* **Provided data**
BEGIN
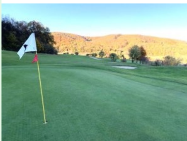
Blick zurück von Grün Loch 4
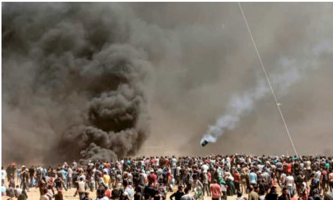
Εικόνα 22: ΓΕΝΙΚΟΣ ΞΕΣΗΚΩΜΟΣ ΠΑΛΑΙΣΤΙΝΙΩΝ ΣΗΜΕΡΑ ΣΤΗ ΓΑΖΑ

Στην Ιερουσαλήμ τα μέτρα ασφαλείας είναι δρακόντεια. Η Αγία Πόλη βρίσκεται κάτω από στρατιωτικό έλεγχο
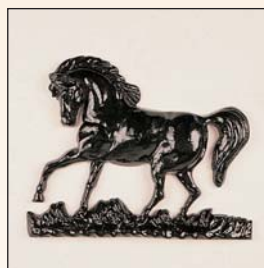
„Pferd“ / „Horse“ Art.Nr. 72.2625.034... 41 x 34 cm
END
* **What the task requires**
Only the pictures are to be dropped; return everything else in the listing exactly.

* **Answer to this exercise**
Blick zurück von Grün Loch 4
Εικόνα 22: ΓΕΝΙΚΟΣ ΞΕΣΗΚΩΜΟΣ ΠΑΛΑΙΣΤΙΝΙΩΝ ΣΗΜΕΡΑ ΣΤΗ ΓΑΖΑ

Στην Ιερουσαλήμ τα μέτρα ασφαλείας είναι δρακόντεια. Η Αγία Πόλη βρίσκεται κάτω από στρατιωτικό έλεγχο
„Pferd“ / „Horse“ Art.Nr. 72.2625.034... 41 x 34 cm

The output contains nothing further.